The obvious downside is that I can't collect the resource information into a single dashboard to monitor.
from dask-jobqueue.
That's a nice comment, thank you for bringing that up @SamTov.
I stumbled across the same issue and would be happy to learn how to solve it.
from dask-jobqueue.
however, is that four workers are submitted to the queue
This is definitely weird, and I don't see how it would happen, do you have enough resources or quota on your cluster to book 5 GPUs?
only one of them starts to take networks and train them sequentially
Maybe the resources mechanism is not working as expected. I will try to build a reproducer. But could you try not using resources, e.g. something like:
cluster = SLURMCluster(
cores=1, # Force only one task per worker at a time
processes=1,
job_cpu=16, # But still book 16 cores with Slurm
memory="64GB",
queue="Anonymised",
walltime="01:00:00",
death_timeout="15s",
log_directory=f'./ce-perceptron/dask-logs',
job_script_prologue=["module load devel/cuda/12.1"],
job_extra_directives=["--gres=gpu:1"]
)
results = [client.submit(train, index) for index in indices]
from dask-jobqueue.
Hi @guillaumeeb, thanks for the answer. I have enough resources and permissions to access the nodes. Usually run ~30 jobs at a time with GPUs but deploying from a bash script. For this other study though we really need to change a lot of parameters so are turning to Dask. Additionally to this, when I use my hacky solution of just creating many clusters, I can run 20 at a time.
It is also odd, when I use adapt for example, on top of it just killing workers and resubmitting, it only ever submits one at a time.
from dask-jobqueue.
It is also odd, when I use adapt for example, on top of it just killing workers and resubmitting, it only ever submits one at a time.
Adapt and Dask resources do not work well together if I remember correctly. So please try without resources and see if it solves some problems.
from dask-jobqueue.
The configuration you put up earlier did not really work for me. Admittedly the jobs stopped dying. However, it didn't take any net work training tasks.
from dask-jobqueue.
However, it didn't take any net work training tasks.
That sound strange, are you able to submit other tasks?
from dask-jobqueue.
With my current study, I ask for 20 workers in the adapt command.

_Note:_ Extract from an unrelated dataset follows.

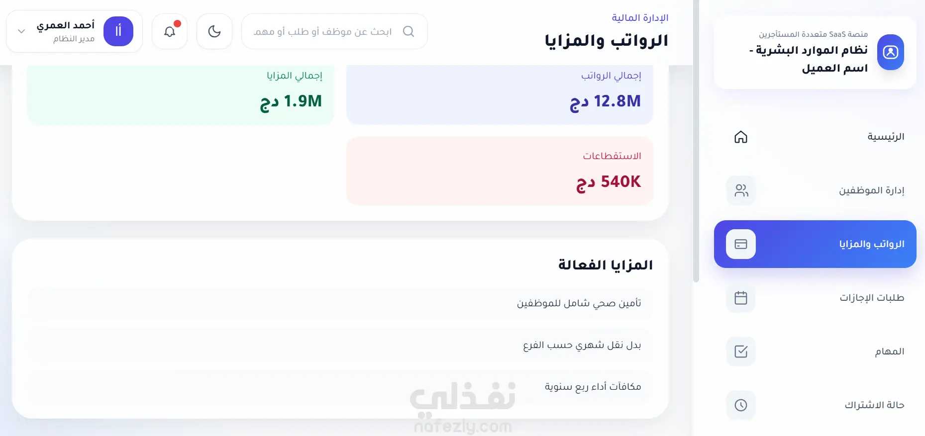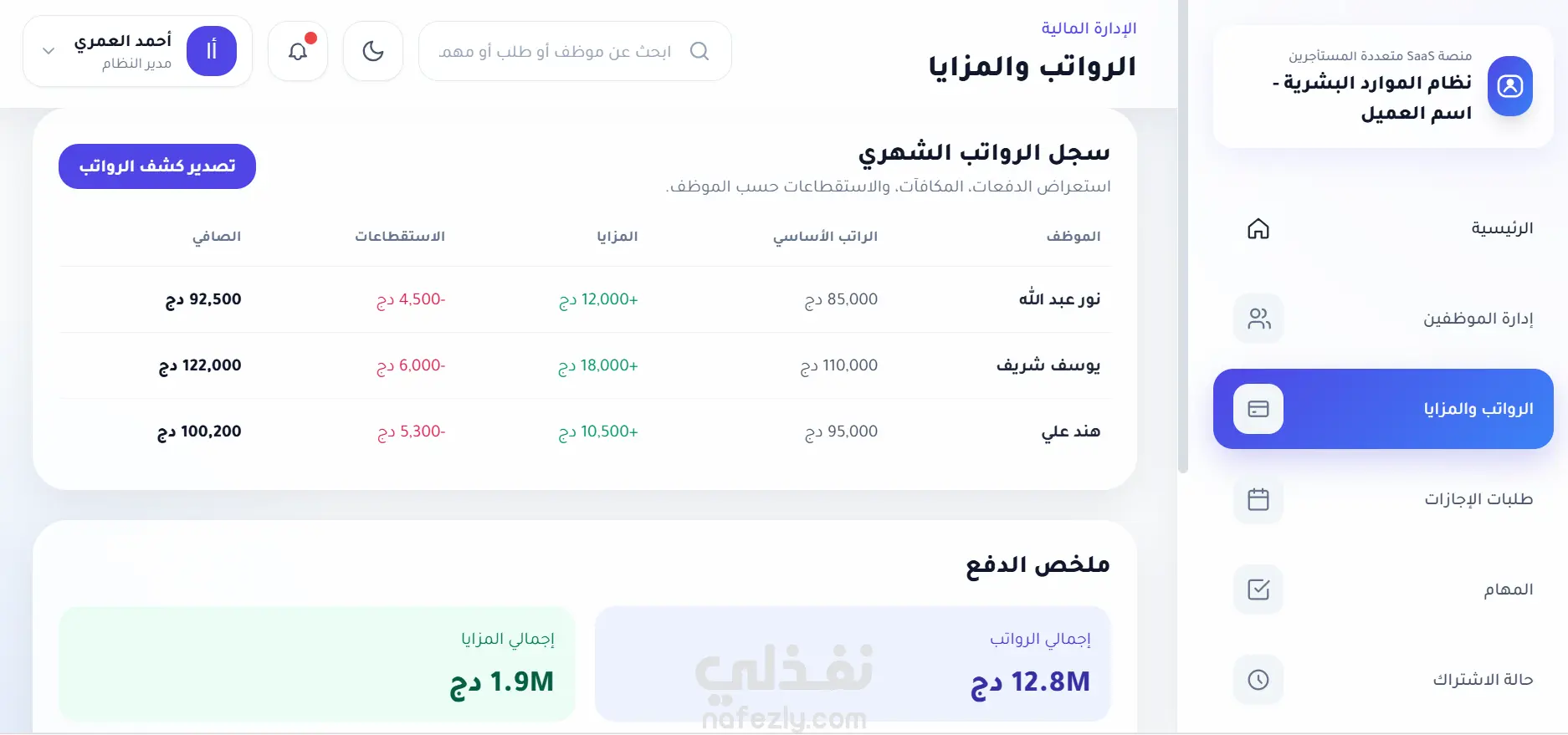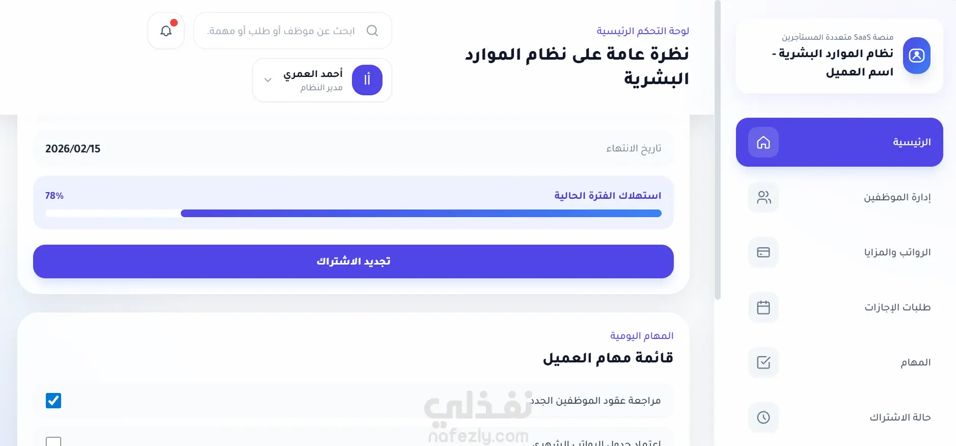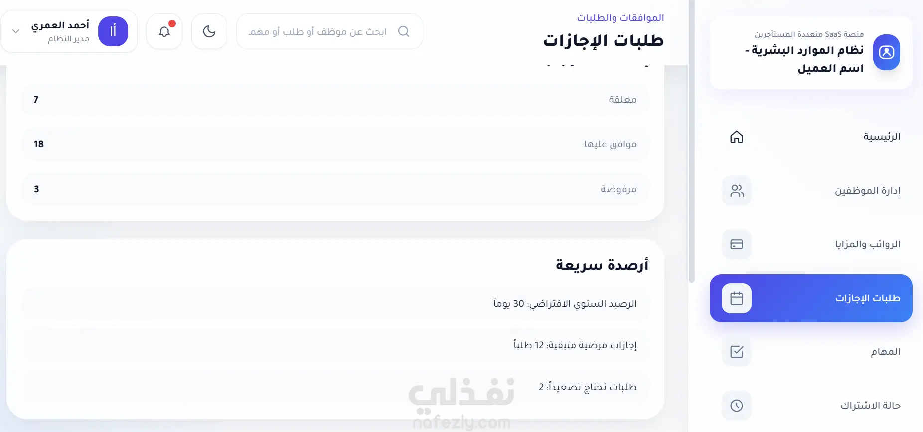 • الإجازات والمهام: نظام مبسط لمتابعة طلبات الإجازات (قبول/رفض) ولوحة لتنظيم سير عمل المهام اليومية.

It will start 20 but at the moment only 5 of them will pick up jobs. The others fail. I removed the death_timeout="15s"
part of the cluster and I now actually get an error from the worker:
2023-10-25 13:48:01,215 - distributed.nanny - INFO - Closing Nanny at 'tcp://10.20.33.12:42733'. Reason: failure-to-start-<class 'OSError'>
2023-10-25 13:48:01,216 - distributed.dask_worker - INFO - End worker
OSError: [Errno 113] No route to host
The above exception was the direct cause of the following exception:
Traceback (most recent call last):
File "/home/st/st_st/st_ac134186/miniconda3/envs/zincware/lib/python3.10/site-packages/distributed/comm/core.py", line 342, in connect
comm = await wait_for(
File "/home/st/st_st/st_ac134186/miniconda3/envs/zincware/lib/python3.10/site-packages/distributed/utils.py", line 1910, in wait_for
return await asyncio.wait_for(fut, timeout)
File "/home/st/st_st/st_ac134186/miniconda3/envs/zincware/lib/python3.10/asyncio/tasks.py", line 445, in wait_for
return fut.result()
File "/home/st/st_st/st_ac134186/miniconda3/envs/zincware/lib/python3.10/site-packages/distributed/comm/tcp.py", line 503, in connect
convert_stream_closed_error(self, e)
File "/home/st/st_st/st_ac134186/miniconda3/envs/zincware/lib/python3.10/site-packages/distributed/comm/tcp.py", line 141, in convert_stream_closed_error
raise CommClosedError(f"in {obj}: {exc.__class__.__name__}: {exc}") from exc
distributed.comm.core.CommClosedError: in <distributed.comm.tcp.TCPConnector object at 0x148ba14b4a60>: OSError: [Errno 113] No route to host
The above exception was the direct cause of the following exception:
Traceback (most recent call last):
File "/home/st/st_st/st_ac134186/miniconda3/envs/zincware/lib/python3.10/site-packages/distributed/core.py", line 616, in start
await wait_for(self.start_unsafe(), timeout=timeout)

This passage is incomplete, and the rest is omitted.